Your task: Pictures must not appear in your answer. Write out exactly the lines from the one with "MORETTI bordmonteret håndvask" through the last line of the entries below.

Material provided:
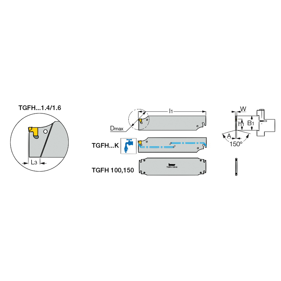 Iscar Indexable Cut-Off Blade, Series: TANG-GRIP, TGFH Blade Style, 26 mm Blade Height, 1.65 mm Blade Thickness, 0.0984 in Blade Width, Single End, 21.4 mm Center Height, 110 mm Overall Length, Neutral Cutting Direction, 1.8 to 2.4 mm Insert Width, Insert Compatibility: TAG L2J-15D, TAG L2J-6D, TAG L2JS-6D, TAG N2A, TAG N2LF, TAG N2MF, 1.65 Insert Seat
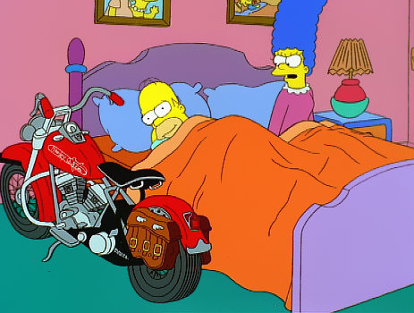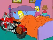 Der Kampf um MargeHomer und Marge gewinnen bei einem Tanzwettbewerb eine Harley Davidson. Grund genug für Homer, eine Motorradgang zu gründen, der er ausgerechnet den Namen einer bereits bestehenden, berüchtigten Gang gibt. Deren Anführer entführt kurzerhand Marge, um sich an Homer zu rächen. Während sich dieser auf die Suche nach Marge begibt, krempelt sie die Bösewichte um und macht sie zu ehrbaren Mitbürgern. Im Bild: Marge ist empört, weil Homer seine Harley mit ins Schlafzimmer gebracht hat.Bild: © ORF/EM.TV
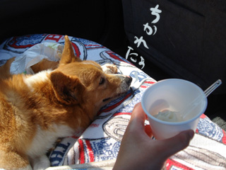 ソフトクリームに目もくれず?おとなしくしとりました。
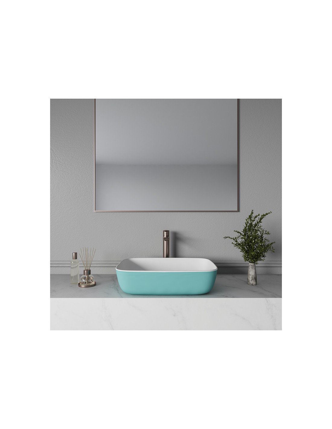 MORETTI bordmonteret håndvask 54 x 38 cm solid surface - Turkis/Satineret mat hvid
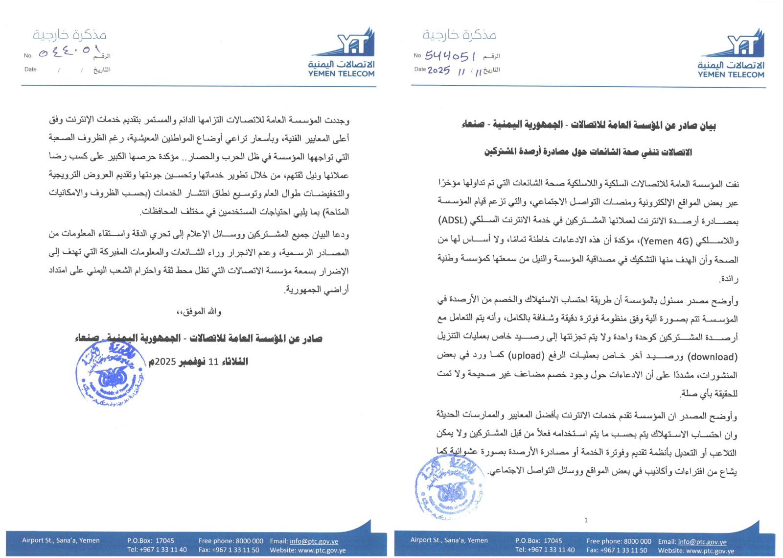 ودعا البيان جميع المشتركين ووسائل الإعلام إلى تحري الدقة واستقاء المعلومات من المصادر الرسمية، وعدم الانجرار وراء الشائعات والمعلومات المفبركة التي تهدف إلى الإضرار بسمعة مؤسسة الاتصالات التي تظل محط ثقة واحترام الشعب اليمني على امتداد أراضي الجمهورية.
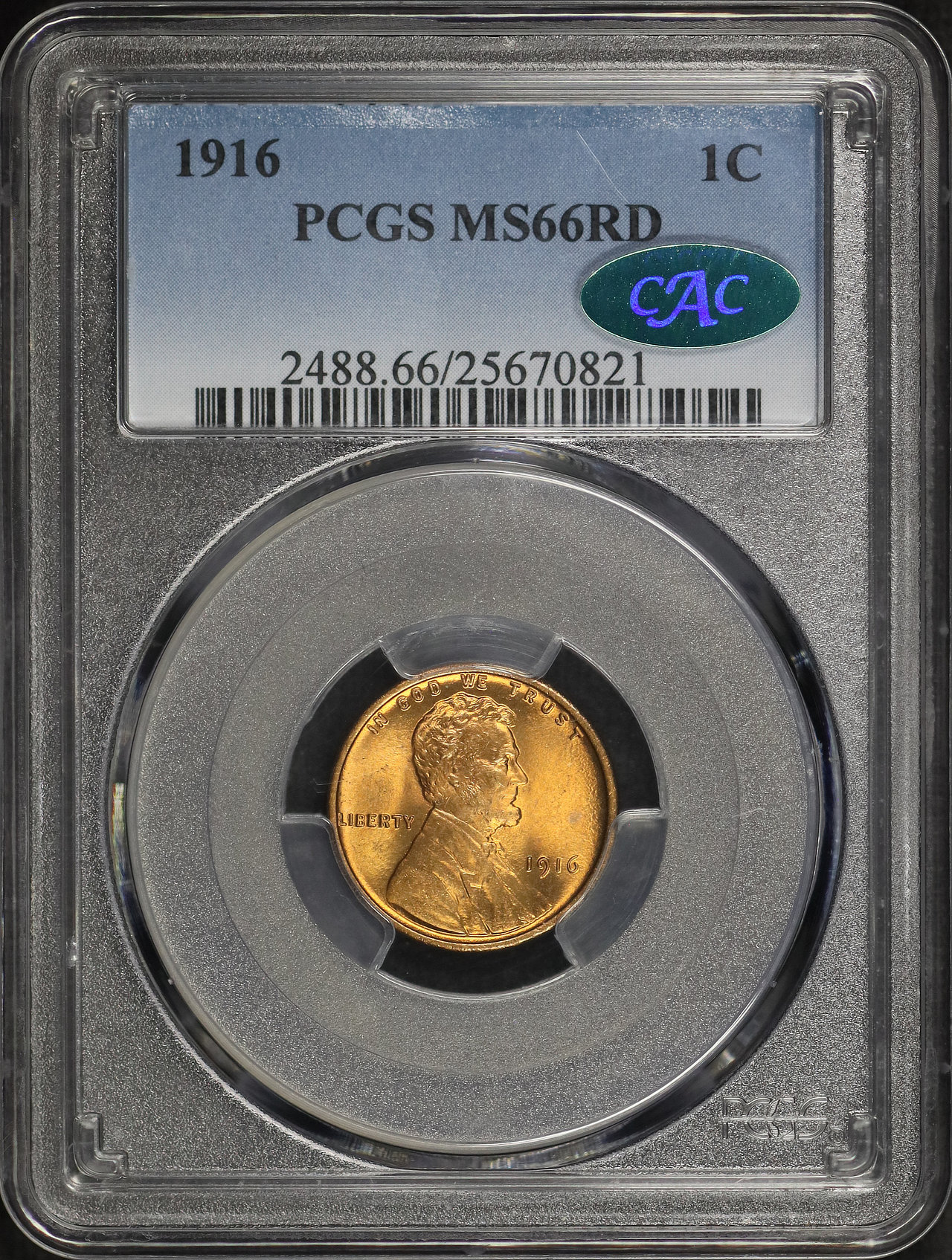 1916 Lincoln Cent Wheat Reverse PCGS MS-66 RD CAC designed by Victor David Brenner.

Response below:
 MORETTI bordmonteret håndvask 54 x 38 cm solid surface - Turkis/Satineret mat hvid
 ودعا البيان جميع المشتركين ووسائل الإعلام إلى تحري الدقة واستقاء المعلومات من المصادر الرسمية، وعدم الانجرار وراء الشائعات والمعلومات المفبركة التي تهدف إلى الإضرار بسمعة مؤسسة الاتصالات التي تظل محط ثقة واحترام الشعب اليمني على امتداد أراضي الجمهورية.
 1916 Lincoln Cent Wheat Reverse PCGS MS-66 RD CAC designed by Victor David Brenner.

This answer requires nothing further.